Now all of his pictures are with my smartphone, I should pull out the camera and see what he thinks.
Melanie Varey says
This is so interesting! 😲 thank you 😊
Judy Rivard says
If you have an iPhone, try the BarkCam app. It has a choice of 15 different sounds. I like the squeaky toy sound. It plays the sound, the dog looks, and it snaps the photo. I use it to get graduation photos in my Obedience classes.
Donna says
I realize I am late to reading & posting to this trend, but wanted to offer my thoughts on the ‘big scary black camera lens’ – my rescue Spencer was also very uneasy for the longest while when I tried to get a photo. In addition to the other comments posted, I think it also has to do with the fact that they can’t see OUR faces or eyes once the dreaded camera eye appears. I’m not an owner of a smart phone, so using that is not an option- but I did gradually let him explore the camera ( a desensitization process perhaps) and would hold it away from my face while pretending to take a picture- after a few months, which felt like an eternity! I have been able to get him in full face view now. Just a thought!
J Burrill says
Hi Patricia, I have been lurking around your blog for some time, and I guess I want to make the first comment here. Yep, you are not the only one, my dog hate camera too! They show some signal like appears to be a big eye staring at them. Yawning, lip licking and of course the head-turning behaviour. If you take a photo quietly with the smartphone camera (silent mode) it’s all seem fine, but not with the DLSR camera or the big one like the zooming and panning can make some noises then the final flash. A scary object to them lol. But I think it is quite okay if you introduced the dog with the camera since a young age.
Lucille White says
I guess our dogs are natural- born divas.

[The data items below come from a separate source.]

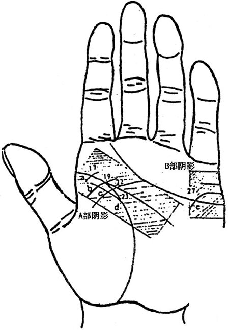 传统的相法看人多大岁数结婚,是从B部的结婚线(家风纹)来断,本人认为有误。试想和尚、尼姑、老道、修女也有此纹,而他们是独身的根本就没结过婚,这作何而论?还有就是书笙给看相的客户中,有的人一辈子没结婚,而此结婚纹却比正常人长的还好,这就更难解释,所以书笙在判断人结婚的年龄点上,不采用家风纹(但可作参考),而是采用感情线与生命线起端的联结点而断,即快y准。同时结合面相前额高广,印堂宽窄,人中深浅而断,即前额高阔,印堂宽广,人中清晰而深,主婚姻早,反之婚姻矣晚,如图所示。
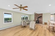 Updated kitchenRecessed lightingVibrant fall foliageSitting areaWall of windowsHot tubFenced level backyard
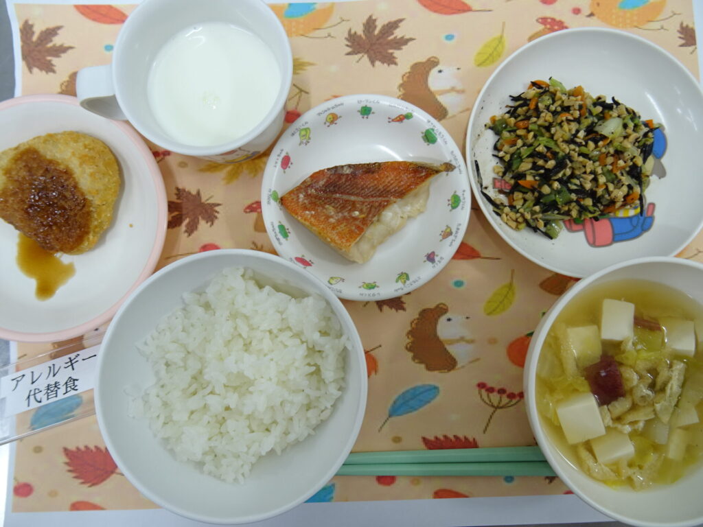 11月11日 元気が湧き出る鉄腕納豆です♪お味噌汁のお芋は幼稚園の畑のお芋です♪ ごはん 赤魚の西京焼き 鉄腕納豆 みそ汁 牛乳(魚介アレルギー代替え:かぼちゃひき肉フライ)
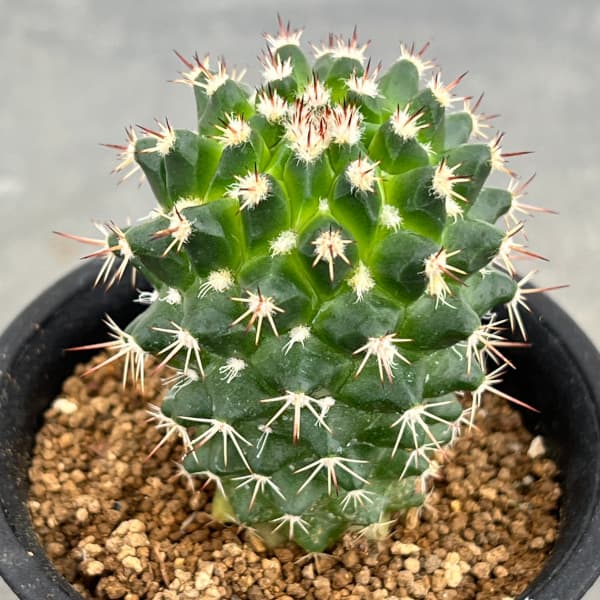 サボテンの仲間 現品販売 バイヤーセレクト観葉植物/[ザ・ファームセレクト]フェロカクタス:短刺巨鷲玉(無刺実生株) 3.5号鉢植え25-01★無刺が親の実生株です 徐々に刺がなくなりやすい株です★短刺巨鷲玉は刺が短いことにより、波打つ美しい稜がより際立ち、まるで工芸品のような美しさを感じられるサボテンの仲間です。フェロカクタスはアメリカ南西部からメキシコ原産のサボテンで、強い光を好みます。暑さ・寒さに強く比較的栽培しやすい品種です。独特の株姿が人気です。※刺の量、大きさには個体差があります。学名Ferocactus herreae horridus原産地中央アメリカ〜メキシコタイプサボテン科フェロカクタス属耐寒性5度まで日照直射日光は避ける育て方:風通しのよい場所で管理します。春と秋は表土が乾いたら鉢底から流れ出るぐらいたっぷりと水を与えます。夏は水やりの回数を減らし、夜間に湿らす程度で与えます。冬は断水気味で管理します。■ご注意・現品販売です。写真はお届けする株の画像ですが、植物は日々生育等により状態が変化するため、お届け時に株姿が若干異なる場合があります。・複数店舗で同時販売しているため、ご注文のタイミングにより、商品がお届けできなくなる場合があります。ご注文受付後に在庫確認を行い、改めてメールにてご連絡いたします。[ザ・ファームセレクト]フェロカクタス:短刺巨鷲玉(無刺実生株) 3.5号鉢植え25-01の栽培ガイド観葉植物の管理方法
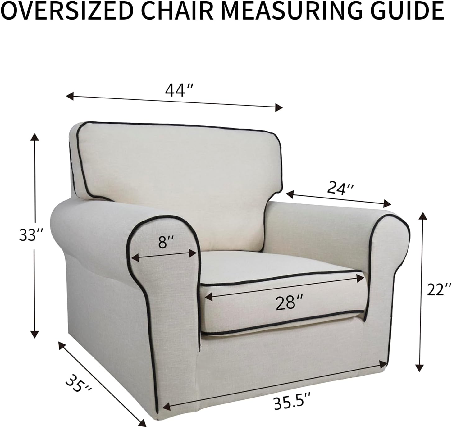 - SUPER DURABLE 3-LAYERS QUILTED FABRIC: Quilted from tear-resistant Microfiber fabric (polyester composition), this durable chair sofa furniture cover is composed of 3 layers with thick poly foam filling for extra comfort & softness. Our couch slipcovers are designed and ready-made to fit a variety of oversized chair sizes with seat width up to 28"
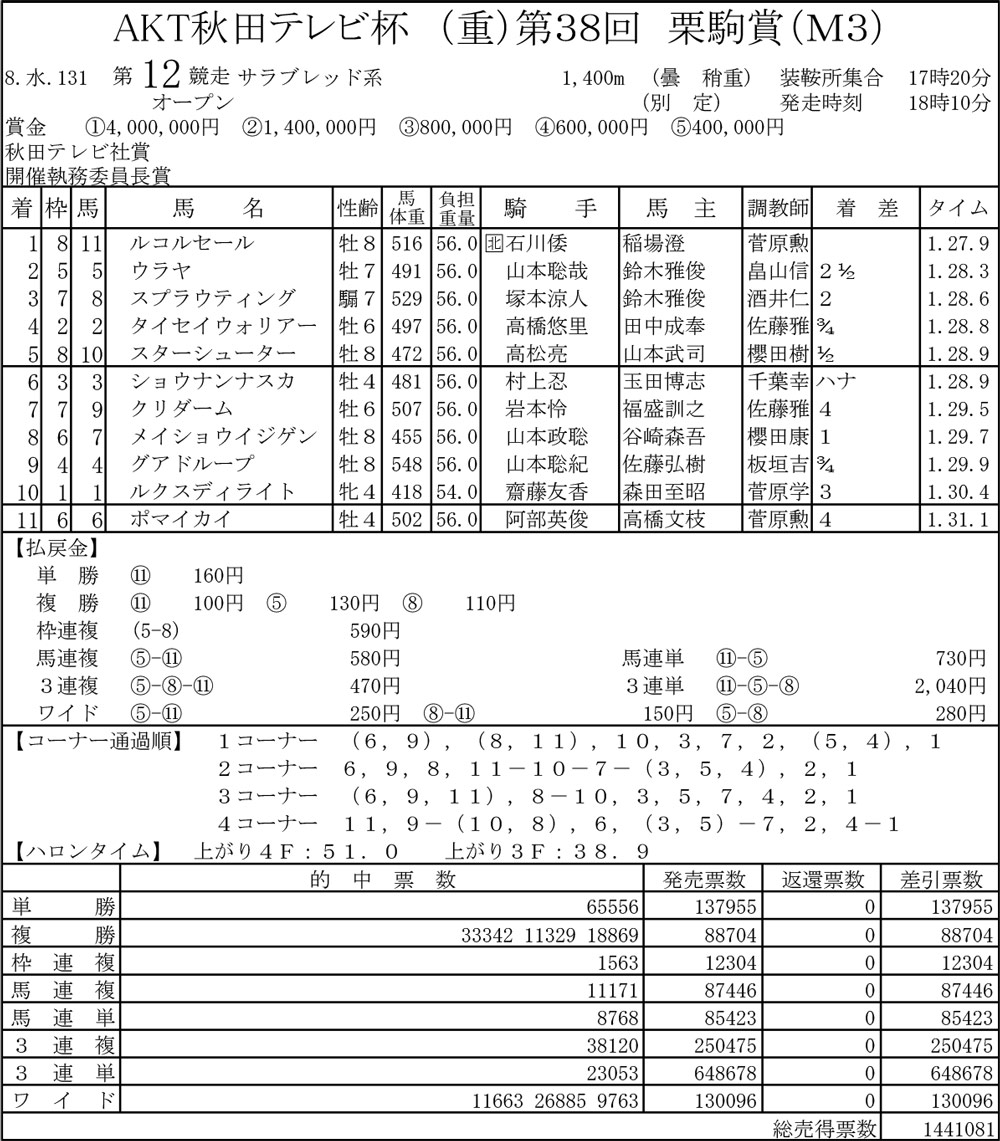 中央、高知の成績どおり走ってくれました。1600mぐらいまでなら、いい競馬ができると思います。次走予定はシアンモア記念。カナオールウェイズ、リケアカプチーノ、そして今回のルコルセールと同一きゅう舎、同一馬主さんの3頭出しで臨みます。

Possum, my Malti-Pom, recently deceased, ( what a hole a 10lb. Sweetie can leave in their family’ hearts and lives!) Was a photo natural from 8 weeks on. My granddog, Jackson, a flat coat retriever mix, poses as if his future in movies depends on each shot! ( No witness protection for him), my gorgeous Pyr, Riley, another rescue, is very camera friendly and always has been, his first mom was good enough to send me baby pictures, so he happily poses regularly! No treats needed for any of them. Sorry about your leak and foundation problems respectively. Life seems to be one repair job after another, but country living is like that. Congrats on the wheeler, they sure are convenient aren’t they? I prefer snow to mud, though we usually have ample amounts of each every Winter. Our first snow came before Thanksgiving, but so did the first vehicle stuck in mud as well. It promises to be an interesting year ahead weather- wise.
md jahangir alam says
Many thanks.
This article is for like wildlife photography and I like it most.